A surprising non-convergence phenomenon in training deep networks

January 21, 2022, zoom

Suvrit Sra

MIT, Electrical and Computer Engineering

Abstract

The gap between optimization theory and machine learning practice is even wider than previously thought. I will talk about a surprising phenomenon we observed while training deep neural networks: the parameters do not converge to stationary points of the loss function! Despite this non-convergence of weights, we observe that the progress in minimizing the loss saturates.

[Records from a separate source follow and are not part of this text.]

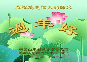 中国山东省东营市广饶县全体大法弟子恭祝慈悲伟大的师父过年好!谢谢师父!
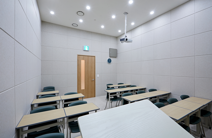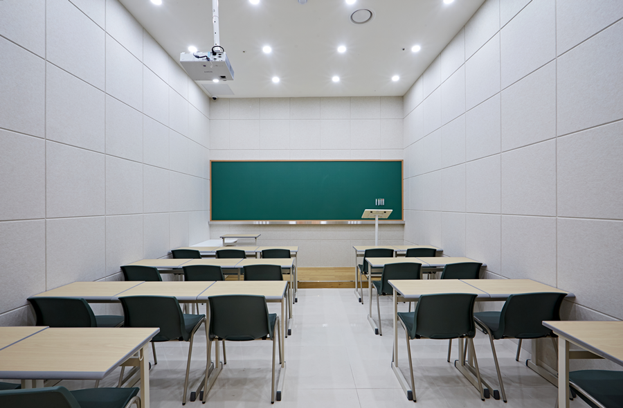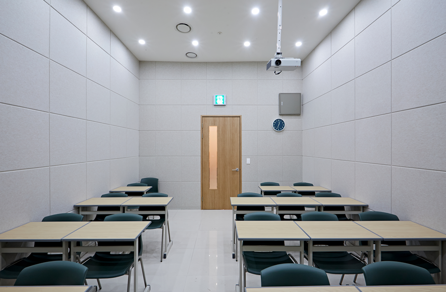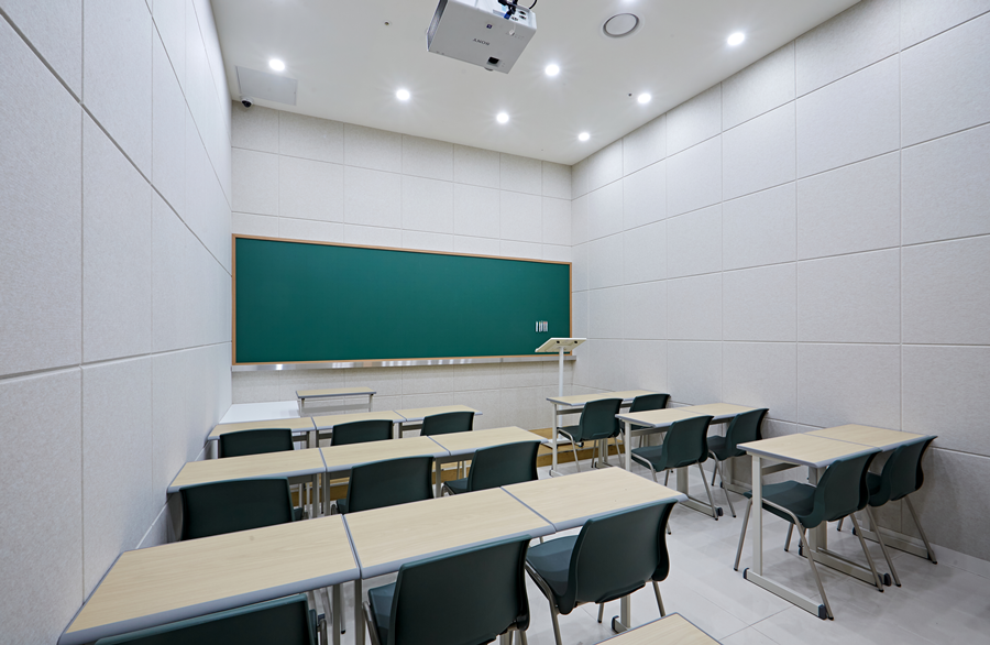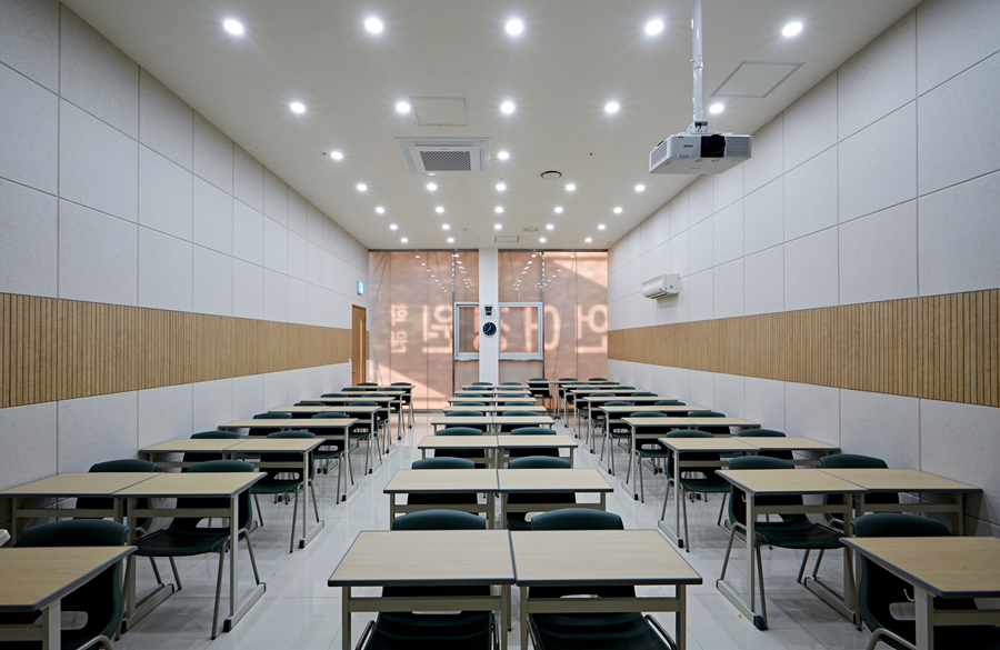 각 강의실에는 충분한 양의 LED 조명을 설치하였으며, 자연광을 최대한 활용할 수 있도록 창문을 적절하게 배치하였습니다. 또, 칠판 옆에는 보조 조명을 설치하여 판서 내용이 선명하게 보이도록 했습니다.
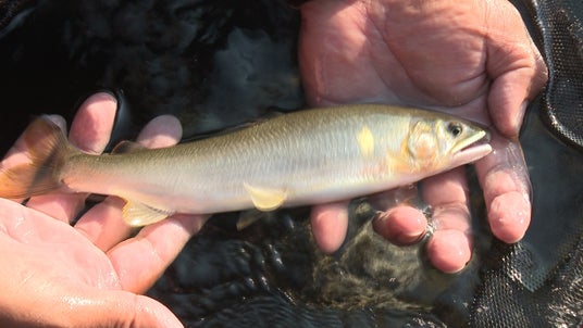 日本を代表する淡水魚が今回のターゲットのアユ。日本を中心に東アジア一帯に生息する。秋に川で生まれた稚アユは、海へと下り、翌年の春に川へと遡上する。仔稚魚の頃はプランクトンなどを常食し、川へと遡上してからは石に付く藻類を主食とするようになる。石に付く藻類を食べることから、質の良い石の周辺を自らの縄張りとし、侵入者に激しく攻撃を仕掛ける。この習性を利用したのが友釣り。1年で一生を終えるため、解禁当初の若いアユから盛期のアユ、産卵を意識した終盤のアユと、季節の進行に伴って、その大きさや味も変わる。また、各河川に繁茂する藻類を食するため、川によって食味も随分とかわり、アユの味を競うイベントも各地で行われている。
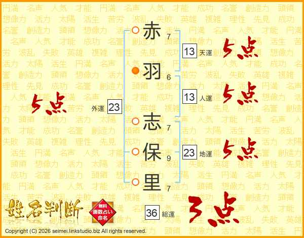 赤(7画)羽(6画) 志(7画)保(9画)里(7画)

This unexpected behavior challenges existing convergence theory, and we offer an initial explanation based on ergodic theory of dynamical systems. swathe of new research questions. This phenomenon also opens a variety of research questions worthy of further investigation; I will highlight some of these in the talk. Talk based on joint work with Jingzhao Zhang, Haochuan Li, Ali Jadbabaie.

Speaker's Bio

Suvrit Sra is an Associate Professor in the EECS Department at MIT, and also a core faculty member of the Laboratory for Information and Decision Systems (LIDS), the Institute for Data, Systems, and Society (IDSS), as well as a member of MIT-ML and Statistics groups. His research bridges a number of mathematical areas such as differential geometry, matrix analysis, convex analysis, probability theory, optimal transport, and optimization with machine learning. He is also a co-founder and Chief Scientist of Macro-Eyes, an AI driven startup.